Today Julia Computing is excited to announce JuliaDB.jl (https://github.com/JuliaComputing/JuliaDB.jl), a package for working with large persistent data sets. It is still at a fairly early stage, but we wanted to release it as soon as we had meaningful functionality.
JuliaDB ties together several existing packages, including Dagger.jl and IndexedTables.jl. You can feed it a pile of CSV files, and it will (1) build and save an index of the contents of those files, (2) optionally “ingest” the data, which converts it to a more efficient mmap-able file format.
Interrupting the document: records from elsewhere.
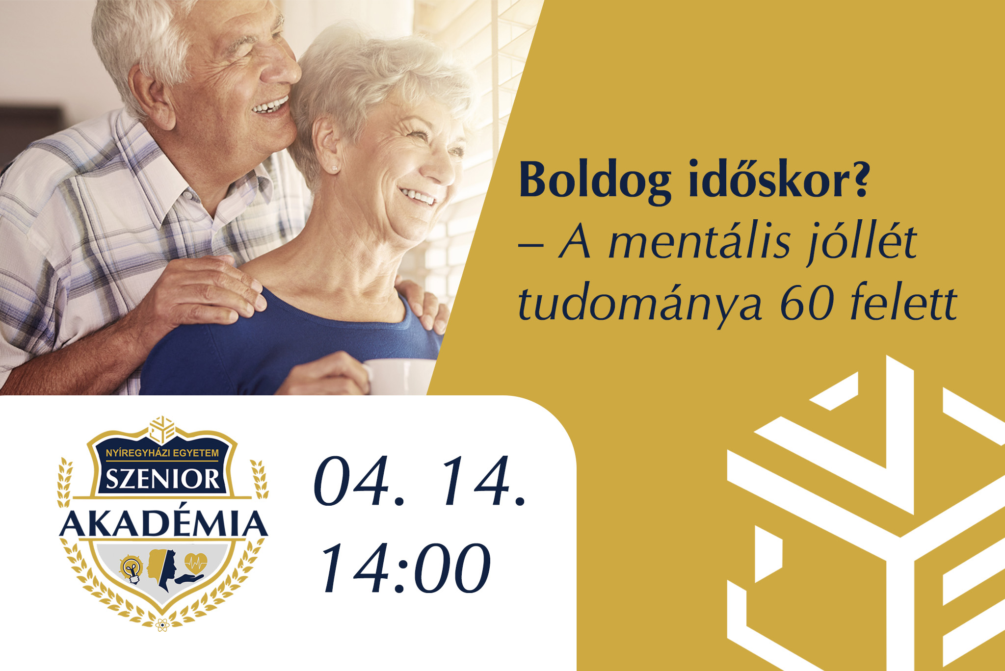 A „Boldog időskor? – A mentális jóllét tudománya 60 felett” című előadás során szó lesz az életminőség megőrzéséről, a lelki egészség fontosságáról, a társas kapcsolatok erejéről, valamint arról, hogyan fejleszthető a lelki ellenállóképesség időskorban is. Az előadó, Tóthné dr. Kerülő Judit a Nyíregyházi Egyetem nyugalmazott főiskolai tanára, az Alkalmazott Humántudományok Intézet óraadó oktatója.
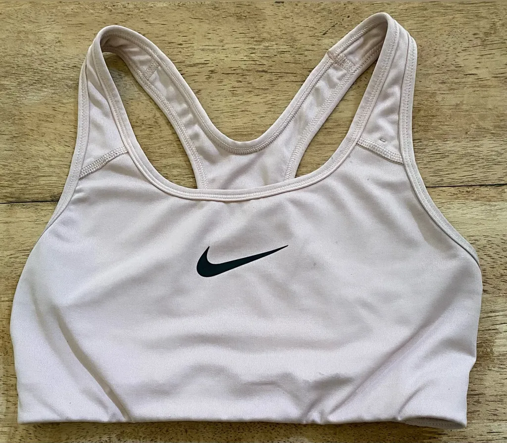 Nike women’s size small athletic bra. Top features a poly/spandex blend blush pink stretch material;... Show more
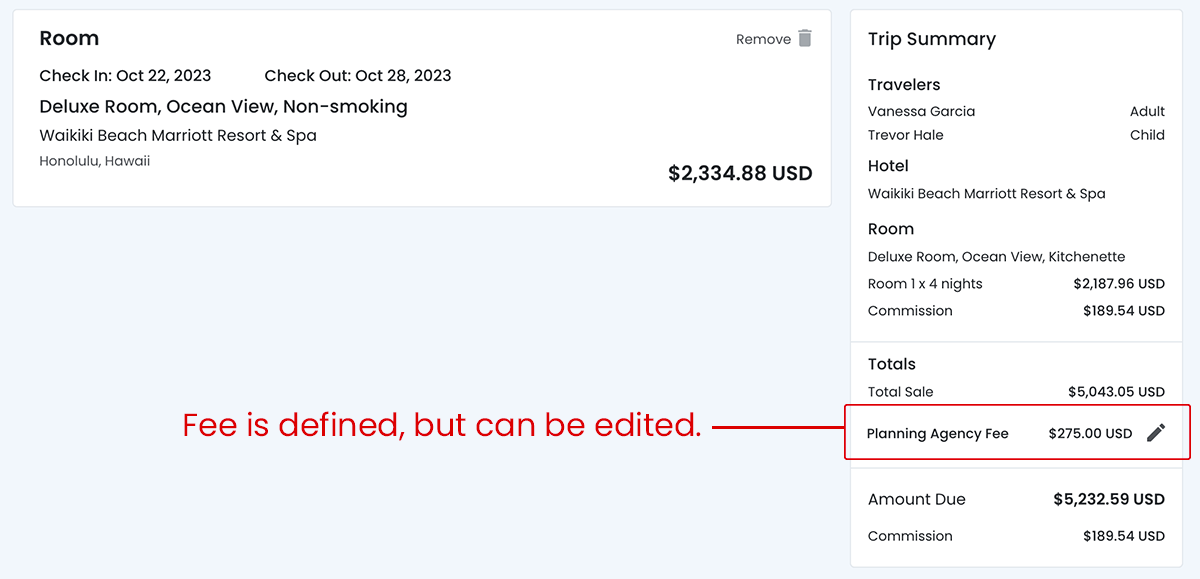 The fee will display on the card; however the user can edit the fee by clicking on the 'Edit' icon.
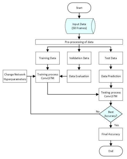 The flowchart of the proposed ConvLSTM of neural network is shown in Figure 5. The input to the neural network represents the width and height of the image and the number of video frames. Input data were cropped and edited (pre-processing). Data were divided into training, validation, and test data at a ratio of 70:20:10. The training process was run on training data. After that, the testing process was performed on testing data. Finally, the accuracy and confusion matrix were calculated. The output shape of each layer is shown in Table 1 and Table 2. These figures describe output shape, number of total parameters, and number of trainable and non-trainable parameters.
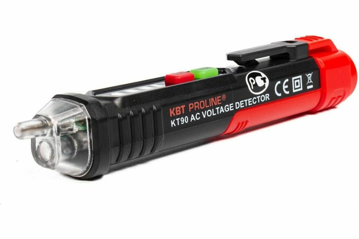Бесконтактный детектор напряжения КВТ КТ 90 PROLINE 87242 имеет возможность определения фазной и нулевой жилы.
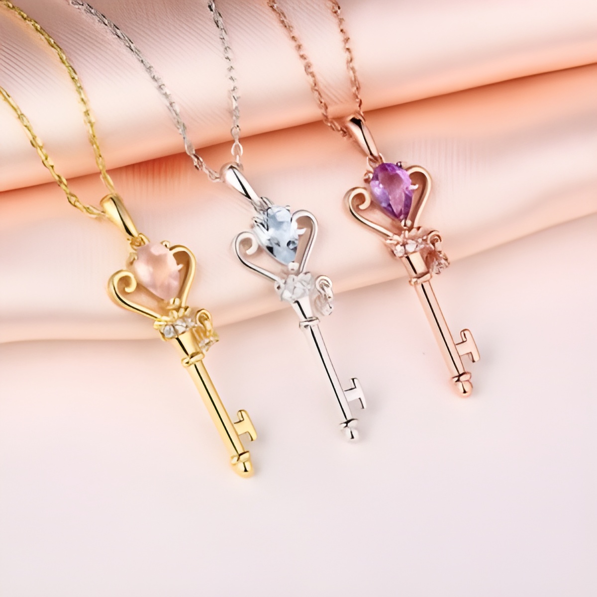 • 💖 Personalized Touch – A symbolic key pendant adorned with radiant gemstones that expresses love and devotion.
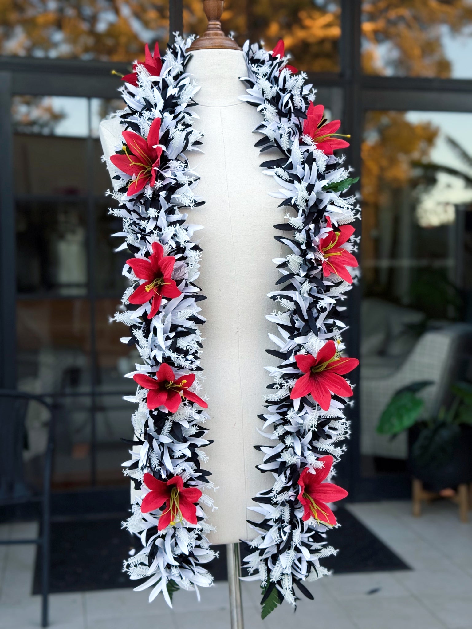 WHITE & BLACK SPIDER LILY WITH RED LILY'S -L170CM - Épuisé
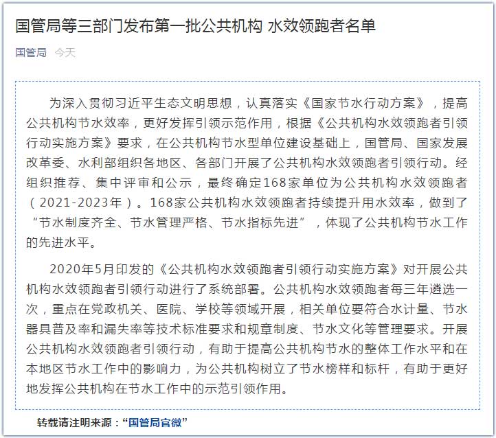 中工网讯 据国家机关事务管理局官方微信公众号消息,近日,国管局、国家发展改革委、水利部组织各地区、各部门开展了公共机构水效领跑者引领行动,经组织推荐、集中评审和公示,最终确定168家单位为公共机构水效领跑者(2021-2023年)。168家公共机构水效领跑者持续提升用水效率,做到了“节水制度齐全、节水管理严格、节水指标先进”,体现了公共机构节水工作的先进水平。
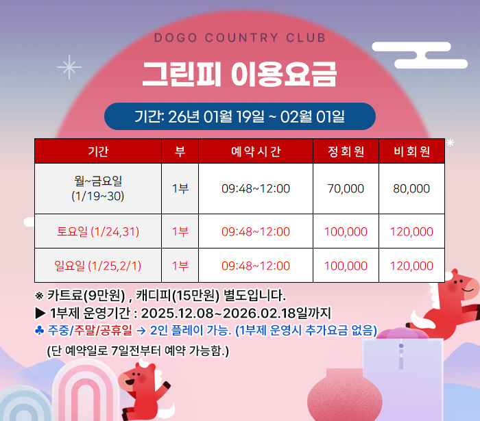 26년 1월 19일 ~ 02월 01일 그린피 이용요금
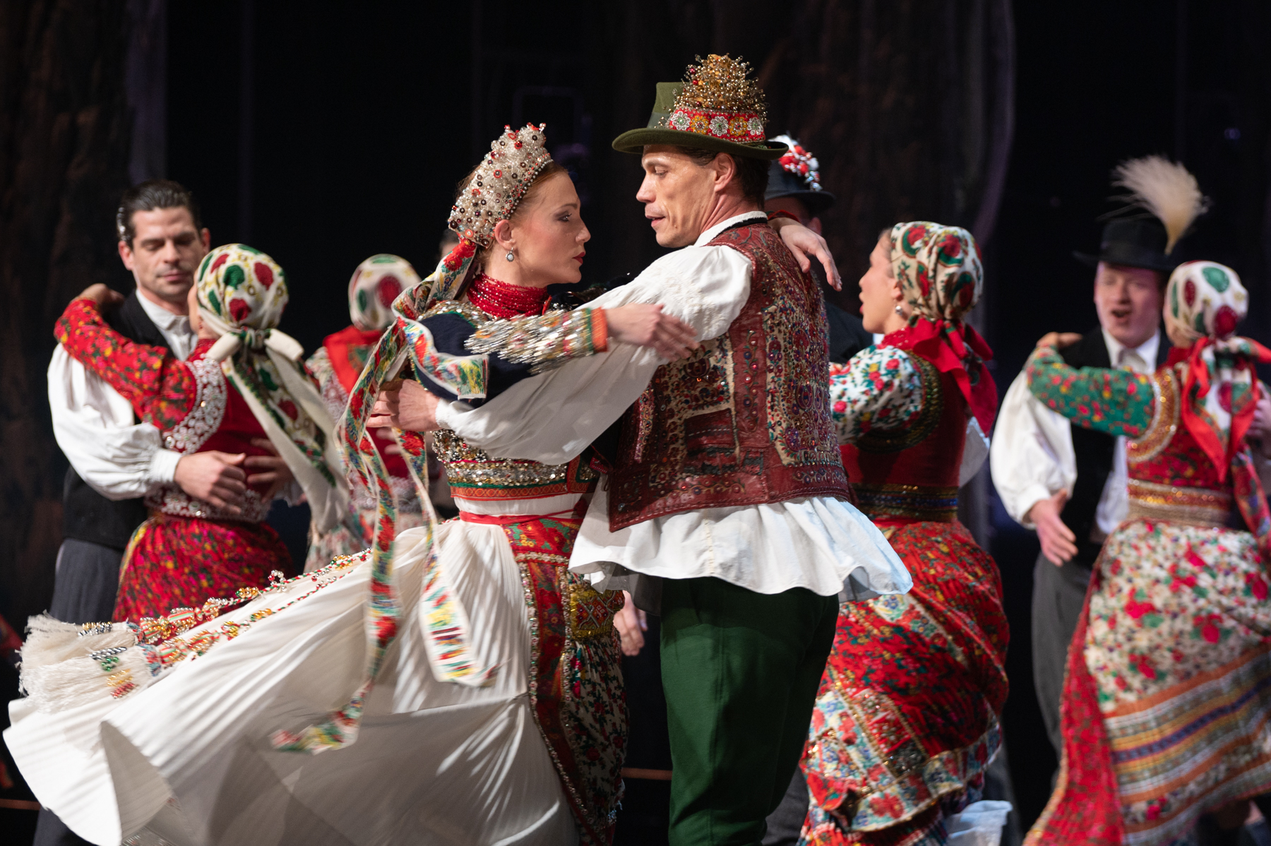 A néző azonosulni kezd a feleséggel és idővel látja, hogy miért szenved. A darab nagyon világosan közvetíti az üzeneteteket és az érzéseket. A kulcsfontosságú információk közvetítése mellett viszont egy másik fontos, talán magasztosabb szolgálatot is ellát: bepillantást nyújt az erdélyi, azon belül a kalotaszegi és székely tánckultúrába. Utóbbira valamelyest havasalföldi táncok is hatással voltak és ezek a hatások az előadásban is visszaköszönnek. A katonákat, falusi népeket, pásztorokat, bírákat vegyítő tömegjelenetek többsége vidám, néha katonásan precíz, fennkölt és játékos. Egy ízben például a hölgyek ropják a legényest, nem pedig a férfiak. Ez a fajta „huncutság” mindenképpen váratlan és jól áll ennek a darabnak, mert oldja a feszültséget, még akkor is, ha belül sejtjük, mi lehet a végkifejlet.
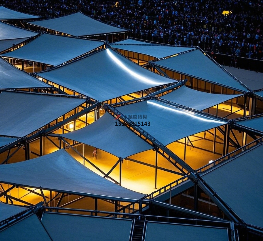 在各類演唱會、歌舞晚會、戲曲扮演等大型文藝扮演中,舞臺膜結(jié)構(gòu)的運用極為廣泛。它可以依據(jù)扮演的主題和風(fēng)格,規(guī)劃出與之相匹配的造型,為扮演營造出共同的氣氛。例如,在一場經(jīng)典歌劇的扮演中,舞臺膜結(jié)構(gòu)采用了歐式古典修建風(fēng)格的規(guī)劃,膜材外表的紋路和色彩模擬出古老修建的質(zhì)感,調(diào)配精美的燈火作用,將觀眾帶入了歌劇所描繪的時代背景中,增強(qiáng)了扮演的藝術(shù)感染力。在流行音樂演唱會上,膜結(jié)構(gòu)舞臺則常常規(guī)劃成賦有現(xiàn)代感和科技感的造型,經(jīng)過與燈火、音響等設(shè)備的配合,為歌手的扮演打造出炫酷的舞臺作用,滿足觀眾對視覺和聽覺的兩層享用。
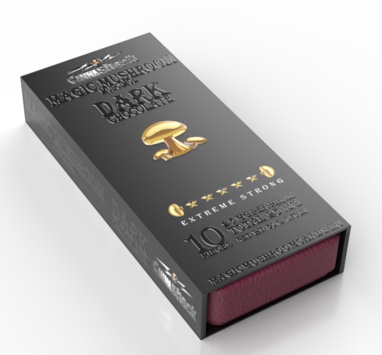 Each chocolate bar is pre-divided into 10 squares and infused with 25 mg Musimol. Our mushroom products are psychoactive but different from other mushrooms.
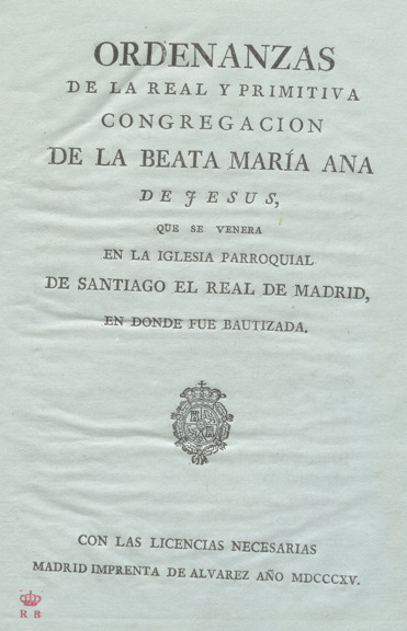 Ordenanzas de la Real y primitiva Congregación de la Beata María Ana de Jesús que se venera en la Iglesia Parroquial de Santiago el Real de Madrid, en donde fué bautizada
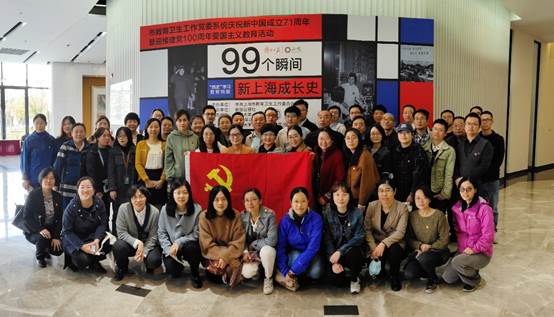 11月13日,环化学院党委中心组成员和教工党员前往钱伟长图书馆,参观《99个瞬间——新上海成长史》“四史”教育影像展。
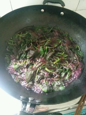 苋菜放锅里加点水煮出汤汁,捞出苋菜,倒出汤汁待用!
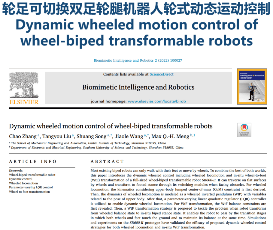 Original paper link: Dynamic wheeled motion control of wheel-biped transformable robots
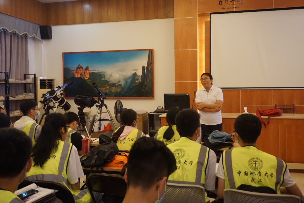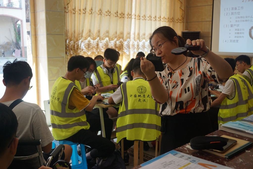 实习教学第一课在室内进行。邢新丽老师详细讲解了野簿记录方法,并就罗盘使用的方法进行针对性的指导。刘邓老师对丹霞山世界地质公园的区域地质背景进行了详细的讲解,并对《普通地质学》课程中相关知识点进行回顾,为野外实习做好充足的知识储备。

From there, you can open and operate on a dataset, and the package will handle loading and storing only the necessary blocks from and to disk. This works with Julia’s distributed parallelism, and also supports out-of-core computation via Dagger.
We saw a need for an end-to-end, all-Julia data analysis platform incorporating storage, parallelism, and compute into a single model. We hope this package can eventually become a standard choice for managing persistent array and tabular data for Julia users. To get things started, our focus so far has been on multi-file tabular datasets, especially time series. However, we are trying to design the system to use a general index space model, making it possible to handle both dense and sparse data of any size and dimensions, working only with meaningful indices instead of file names.
We look forward to collaborating with everybody to realize this goal.